• Problem to solve
Starting at the line that holds "ハラオレはこんな感じで手乗り" and stopping at the line that holds "Красивый молодой мальчик", restate the records below word for word, with both of those lines included.

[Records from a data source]
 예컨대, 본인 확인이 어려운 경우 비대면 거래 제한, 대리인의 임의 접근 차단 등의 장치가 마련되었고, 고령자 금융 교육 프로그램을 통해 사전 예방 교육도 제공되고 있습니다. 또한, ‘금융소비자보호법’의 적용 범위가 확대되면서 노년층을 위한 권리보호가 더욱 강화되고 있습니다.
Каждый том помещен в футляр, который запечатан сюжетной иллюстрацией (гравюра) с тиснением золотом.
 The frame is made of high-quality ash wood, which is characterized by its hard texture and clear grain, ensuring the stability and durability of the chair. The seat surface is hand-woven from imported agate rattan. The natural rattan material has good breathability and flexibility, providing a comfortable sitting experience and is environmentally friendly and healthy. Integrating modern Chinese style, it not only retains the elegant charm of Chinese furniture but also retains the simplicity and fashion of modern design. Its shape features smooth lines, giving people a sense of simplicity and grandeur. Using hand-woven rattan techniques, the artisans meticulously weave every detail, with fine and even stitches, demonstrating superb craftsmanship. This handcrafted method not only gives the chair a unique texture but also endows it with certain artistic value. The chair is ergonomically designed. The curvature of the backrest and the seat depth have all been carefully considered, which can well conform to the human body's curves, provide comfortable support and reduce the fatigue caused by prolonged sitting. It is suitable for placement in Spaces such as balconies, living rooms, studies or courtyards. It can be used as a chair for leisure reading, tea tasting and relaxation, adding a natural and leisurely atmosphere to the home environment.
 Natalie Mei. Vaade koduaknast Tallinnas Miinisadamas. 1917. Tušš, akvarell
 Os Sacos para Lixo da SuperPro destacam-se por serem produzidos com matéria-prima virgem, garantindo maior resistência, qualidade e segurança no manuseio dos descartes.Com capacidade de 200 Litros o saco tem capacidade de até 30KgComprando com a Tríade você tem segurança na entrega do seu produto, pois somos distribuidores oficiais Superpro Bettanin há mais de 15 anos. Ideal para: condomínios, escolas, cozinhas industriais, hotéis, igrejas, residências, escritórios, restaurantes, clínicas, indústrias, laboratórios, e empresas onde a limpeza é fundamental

...

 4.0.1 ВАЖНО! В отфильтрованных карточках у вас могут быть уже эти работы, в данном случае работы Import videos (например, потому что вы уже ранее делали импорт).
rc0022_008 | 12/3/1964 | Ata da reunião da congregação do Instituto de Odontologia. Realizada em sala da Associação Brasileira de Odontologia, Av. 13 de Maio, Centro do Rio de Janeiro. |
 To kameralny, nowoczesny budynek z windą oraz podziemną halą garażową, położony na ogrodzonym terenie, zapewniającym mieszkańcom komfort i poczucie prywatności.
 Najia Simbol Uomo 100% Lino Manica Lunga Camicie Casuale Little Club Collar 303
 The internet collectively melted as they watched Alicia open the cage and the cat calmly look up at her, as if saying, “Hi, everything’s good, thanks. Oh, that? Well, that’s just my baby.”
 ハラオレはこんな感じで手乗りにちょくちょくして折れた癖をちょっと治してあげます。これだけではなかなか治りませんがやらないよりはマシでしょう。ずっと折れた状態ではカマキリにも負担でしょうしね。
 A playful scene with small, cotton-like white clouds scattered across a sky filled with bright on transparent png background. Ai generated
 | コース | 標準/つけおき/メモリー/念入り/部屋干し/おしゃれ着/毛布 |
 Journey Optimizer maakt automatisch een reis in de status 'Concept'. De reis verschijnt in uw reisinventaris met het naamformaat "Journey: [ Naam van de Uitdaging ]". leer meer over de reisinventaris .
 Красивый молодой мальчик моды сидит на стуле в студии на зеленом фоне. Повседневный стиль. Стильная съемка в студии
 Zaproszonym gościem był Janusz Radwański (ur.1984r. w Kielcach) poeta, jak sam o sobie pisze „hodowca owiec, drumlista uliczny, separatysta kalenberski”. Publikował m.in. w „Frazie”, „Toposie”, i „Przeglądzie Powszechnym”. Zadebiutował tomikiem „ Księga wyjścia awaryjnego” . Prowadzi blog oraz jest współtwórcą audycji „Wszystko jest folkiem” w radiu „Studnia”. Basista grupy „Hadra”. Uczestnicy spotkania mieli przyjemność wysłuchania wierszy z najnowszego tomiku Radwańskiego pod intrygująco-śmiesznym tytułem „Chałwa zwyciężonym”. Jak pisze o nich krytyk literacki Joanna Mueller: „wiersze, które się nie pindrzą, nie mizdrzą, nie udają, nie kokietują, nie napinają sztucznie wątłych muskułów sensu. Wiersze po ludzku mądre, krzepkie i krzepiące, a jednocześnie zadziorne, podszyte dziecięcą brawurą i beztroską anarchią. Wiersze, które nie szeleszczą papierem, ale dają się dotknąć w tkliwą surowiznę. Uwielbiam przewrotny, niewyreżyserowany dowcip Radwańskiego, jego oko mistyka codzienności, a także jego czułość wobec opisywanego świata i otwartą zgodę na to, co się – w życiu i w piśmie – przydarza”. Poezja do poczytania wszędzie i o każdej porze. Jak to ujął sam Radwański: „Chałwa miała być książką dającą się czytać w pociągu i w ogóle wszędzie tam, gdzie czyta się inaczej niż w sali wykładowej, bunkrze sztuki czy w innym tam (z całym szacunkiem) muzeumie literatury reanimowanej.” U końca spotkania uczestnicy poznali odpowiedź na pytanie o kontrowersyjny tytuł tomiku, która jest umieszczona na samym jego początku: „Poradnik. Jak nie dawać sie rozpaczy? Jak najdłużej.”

• Worked solution
 ハラオレはこんな感じで手乗りにちょくちょくして折れた癖をちょっと治してあげます。これだけではなかなか治りませんがやらないよりはマシでしょう。ずっと折れた状態ではカマキリにも負担でしょうしね。
 A playful scene with small, cotton-like white clouds scattered across a sky filled with bright on transparent png background. Ai generated
 | コース | 標準/つけおき/メモリー/念入り/部屋干し/おしゃれ着/毛布 |
 Journey Optimizer maakt automatisch een reis in de status 'Concept'. De reis verschijnt in uw reisinventaris met het naamformaat "Journey: [ Naam van de Uitdaging ]". leer meer over de reisinventaris .
 Красивый молодой мальчик моды сидит на стуле в студии на зеленом фоне. Повседневный стиль. Стильная съемка в студии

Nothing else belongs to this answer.